▸ PROVIDED DATA:
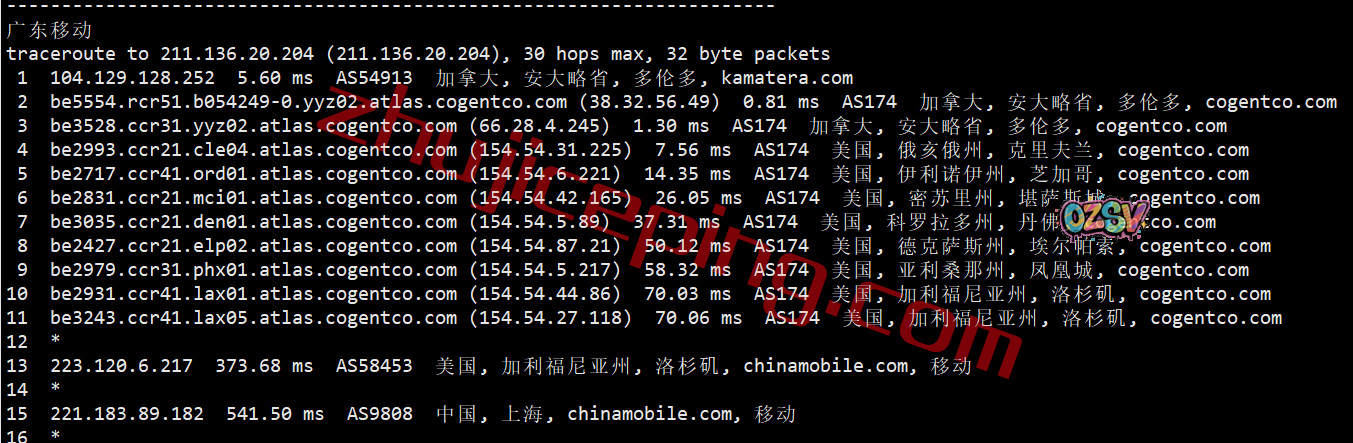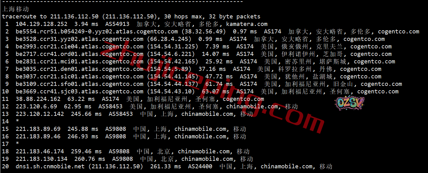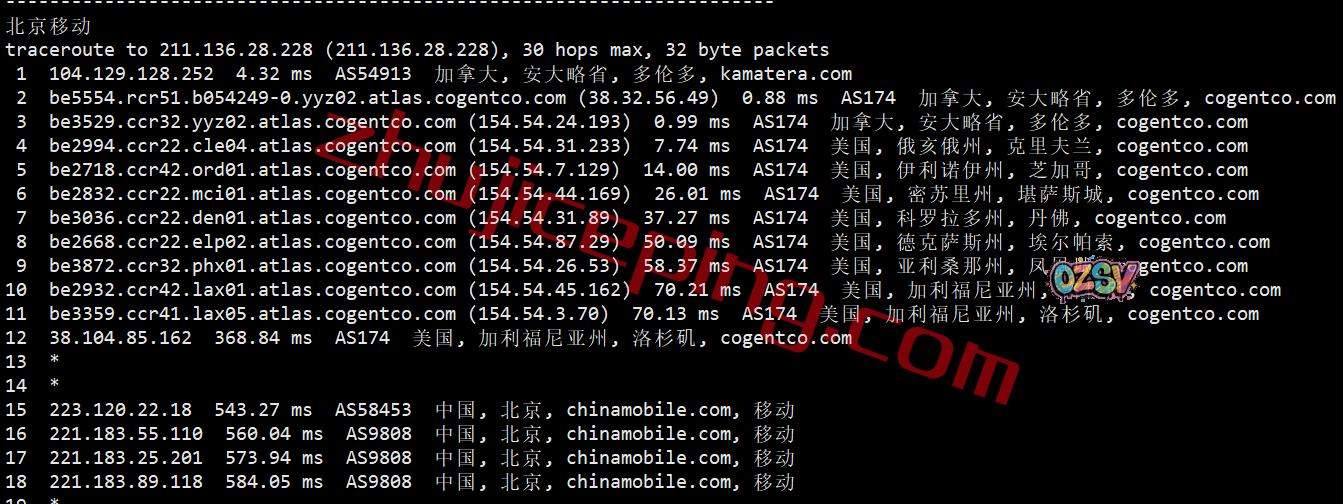 移动回程:走cogent从加拿大经过美国境内最后从洛杉矶或者圣何塞出海回国,其中上海和广州方向都是从西海岸移动节点直连出海的
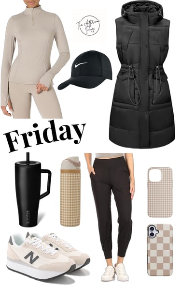 Perfect Women's Joggers | Khaki Quarter Zip | Platform Sneaker | Puffer Vest (cinched waist!) | Gingham Phone Cover | Gingham Water Bottle | Checkerboard Phone Case | Matte Black Water Bottle
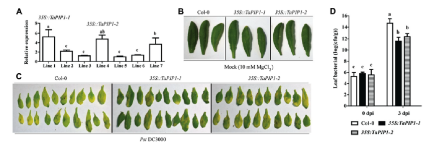 7.TaPIP1增加了擬南芥對PstDC3000感染的抗性
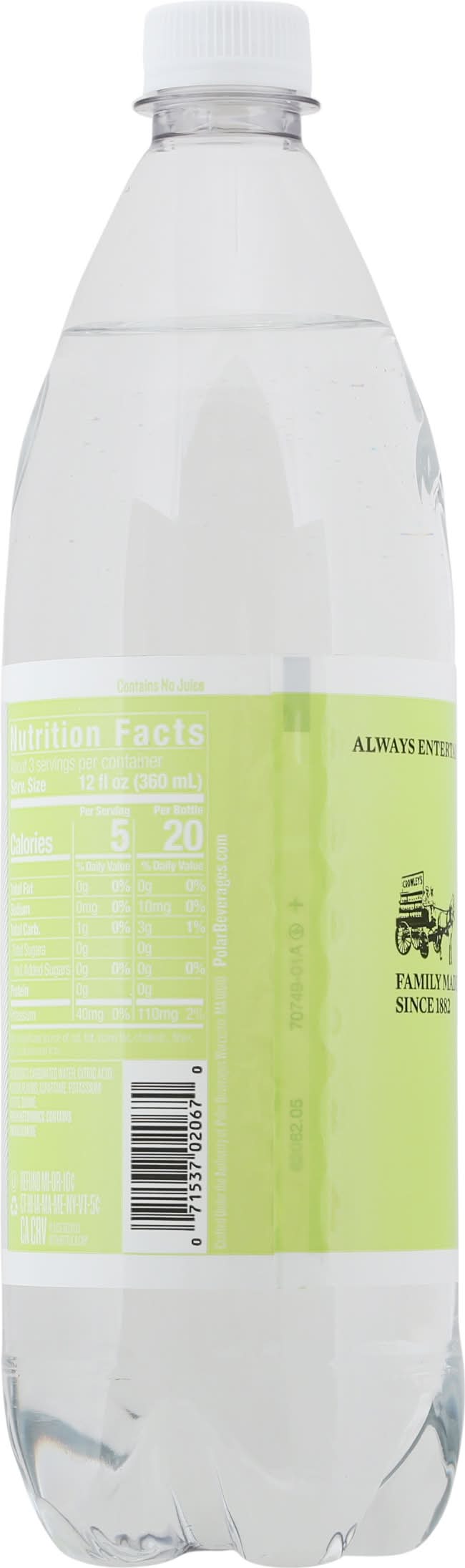 Tonic Water with Lime, Zero-Sugar, Diet • Brand: Polar • Flavor: Lime • kosher, • Polar Beverages, Worcester, MA, 01610 • Packaging: Reusable
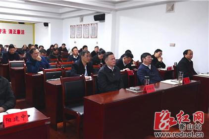 3月5日下午,省第二生态环境保护督察组督察衡阳市“回头看”情况反馈会在衡阳召开,督察组组长杨金鸢宣读《衡阳市省生态环境保护督察“回头看”及砂石行业生态环境保护专项督察报告》,衡阳市委书记、市人大常委会主任邓群策作表态发言,衡阳市委副书记、市长朱健主持反馈会,督察组副组长刘翔出席。会议以视频方式进行,在各县(市)区设置分会场。县委书记尹培国,县委副书记、县长蒋青在衡山县分会场参加会议。
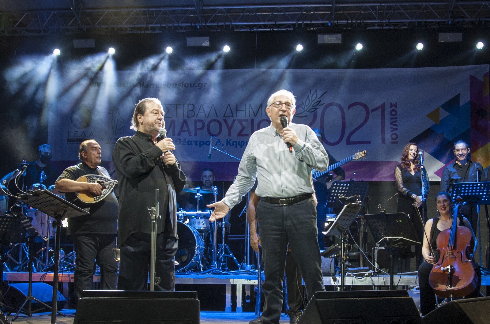 Ο Δήμαρχος Αμαρουσίου Θεόδωρος Αμπατζόγλου μετά το πέρας της μουσικής παράστασης, ευχαρίστησε το κοινό για τη θερμή του υποστήριξη στο θεσμό του Φεστιβάλ, αλλά και σε όλες τις πολιτιστικές βραδιές του Δήμου και εξήρε το ταλέντο του δημοφιλή καλλιτέχνη, την προσφορά του στο σύγχρονο ελληνικό τραγούδι.
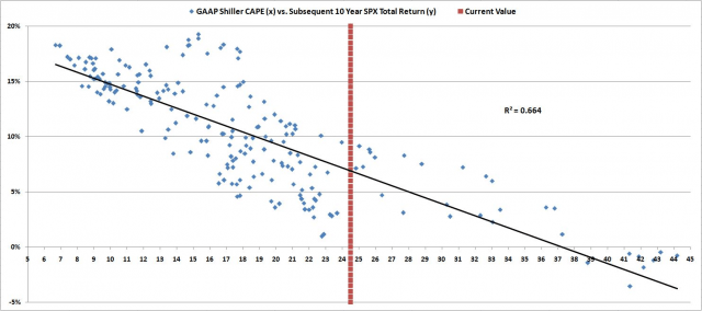 The Philosophical Economics story has a nice plot of the S&P and the regression to the CAPE. Again note that the red line is for 2013, so we’ll need to adjust it to the current 29.24 to find the 10 year potential returns. The author refers to the data fit as “atrocious” but I’ll include it anyway, as it’s so common.
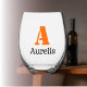 Sunset Orange Elegant Initial Black Name | Modern Stemless Wine Glass
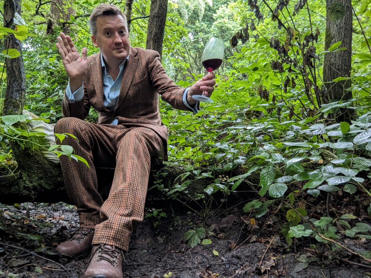 Me drinking some Burgundy in a ditch on Hampstead Heath.
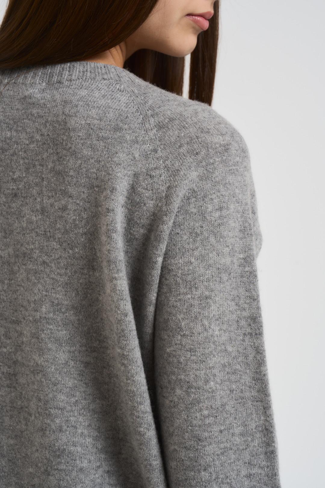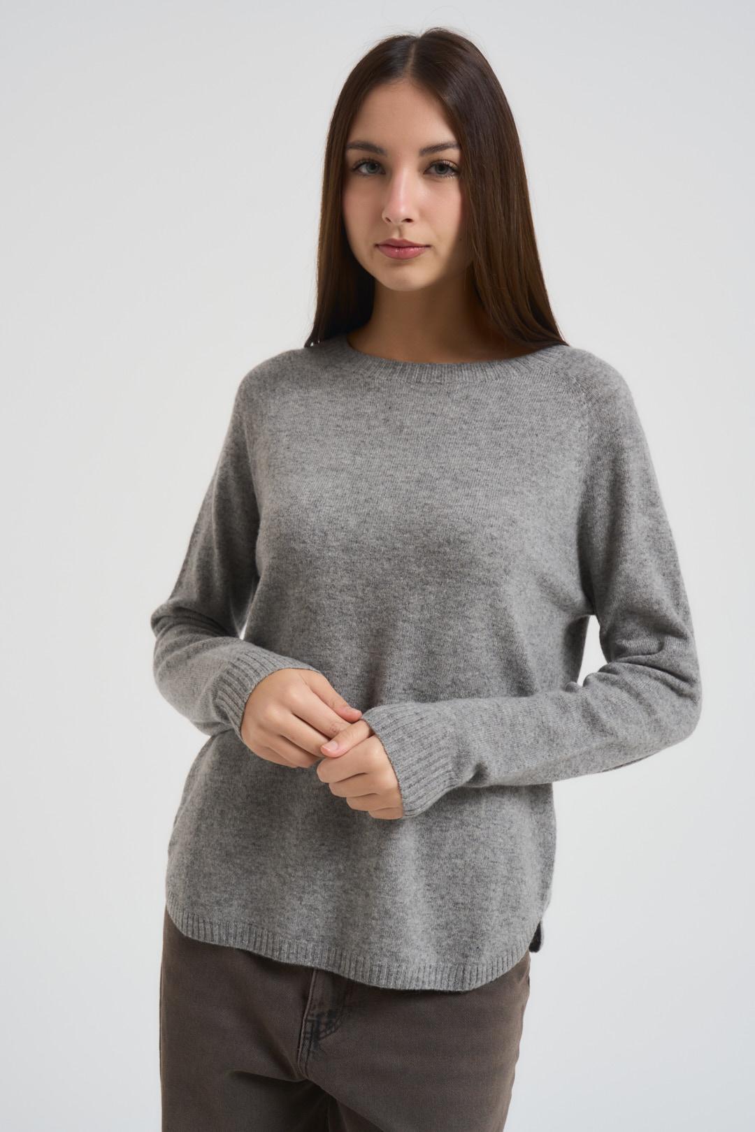 KIKISIX Maglia donna scollo a barchetta grigia. Modello con orlo, polsi e orlo a costine. Spacchetti laterali sul fondo. Manica lunga. Composizione: 90% Lana, 10% Cashmere. La modella è alta 176 cm e indossa la taglia UNI.
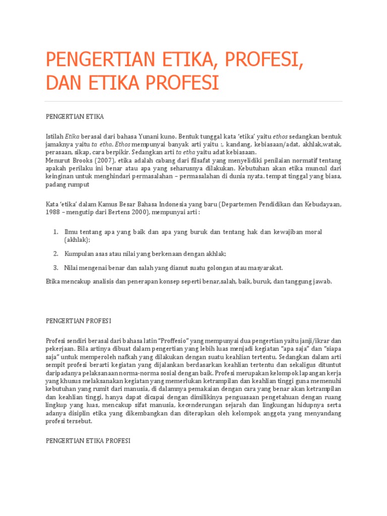 Pengertian Etika Dan Profesi Serta Kode Etik Dalam Profesi It
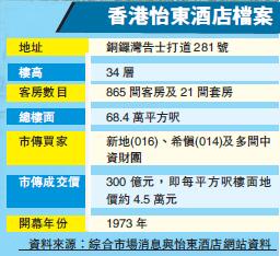 【香港商報網訊】記者鄭珊珊報道:樓市見頂之聲此起彼伏之際,市場再現大手筆交易。市傳文華東方集團旗下的銅鑼灣香港怡東酒店已經完成交易,作價可能問鼎300億元,即每平方尺樓面地價約4.5萬元,看齊美利道50064元的樓面地價紀錄。受消息影響,在新加坡上市的母公司文華東方國際,股價昨日飆升20.75%,收報每股2.56美元。
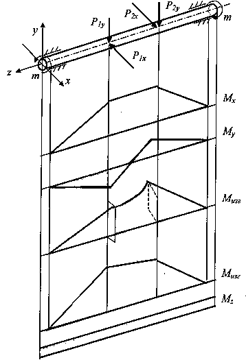 Рис.1. Расчетная схема изогнутого и скрученного вала

▸ PROBLEM: Output all of the data exactly as it stands, minus any images.

▸ THE COMPLETED TASK:
 移动回程:走cogent从加拿大经过美国境内最后从洛杉矶或者圣何塞出海回国,其中上海和广州方向都是从西海岸移动节点直连出海的
 Perfect Women's Joggers | Khaki Quarter Zip | Platform Sneaker | Puffer Vest (cinched waist!) | Gingham Phone Cover | Gingham Water Bottle | Checkerboard Phone Case | Matte Black Water Bottle
 7.TaPIP1增加了擬南芥對PstDC3000感染的抗性
 Tonic Water with Lime, Zero-Sugar, Diet • Brand: Polar • Flavor: Lime • kosher, • Polar Beverages, Worcester, MA, 01610 • Packaging: Reusable
 3月5日下午,省第二生态环境保护督察组督察衡阳市“回头看”情况反馈会在衡阳召开,督察组组长杨金鸢宣读《衡阳市省生态环境保护督察“回头看”及砂石行业生态环境保护专项督察报告》,衡阳市委书记、市人大常委会主任邓群策作表态发言,衡阳市委副书记、市长朱健主持反馈会,督察组副组长刘翔出席。会议以视频方式进行,在各县(市)区设置分会场。县委书记尹培国,县委副书记、县长蒋青在衡山县分会场参加会议。
 Ο Δήμαρχος Αμαρουσίου Θεόδωρος Αμπατζόγλου μετά το πέρας της μουσικής παράστασης, ευχαρίστησε το κοινό για τη θερμή του υποστήριξη στο θεσμό του Φεστιβάλ, αλλά και σε όλες τις πολιτιστικές βραδιές του Δήμου και εξήρε το ταλέντο του δημοφιλή καλλιτέχνη, την προσφορά του στο σύγχρονο ελληνικό τραγούδι.
 The Philosophical Economics story has a nice plot of the S&P and the regression to the CAPE. Again note that the red line is for 2013, so we’ll need to adjust it to the current 29.24 to find the 10 year potential returns. The author refers to the data fit as “atrocious” but I’ll include it anyway, as it’s so common.
 Sunset Orange Elegant Initial Black Name | Modern Stemless Wine Glass
 Me drinking some Burgundy in a ditch on Hampstead Heath.
 KIKISIX Maglia donna scollo a barchetta grigia. Modello con orlo, polsi e orlo a costine. Spacchetti laterali sul fondo. Manica lunga. Composizione: 90% Lana, 10% Cashmere. La modella è alta 176 cm e indossa la taglia UNI.
 Pengertian Etika Dan Profesi Serta Kode Etik Dalam Profesi It
 【香港商報網訊】記者鄭珊珊報道:樓市見頂之聲此起彼伏之際,市場再現大手筆交易。市傳文華東方集團旗下的銅鑼灣香港怡東酒店已經完成交易,作價可能問鼎300億元,即每平方尺樓面地價約4.5萬元,看齊美利道50064元的樓面地價紀錄。受消息影響,在新加坡上市的母公司文華東方國際,股價昨日飆升20.75%,收報每股2.56美元。
 Рис.1. Расчетная схема изогнутого и скрученного вала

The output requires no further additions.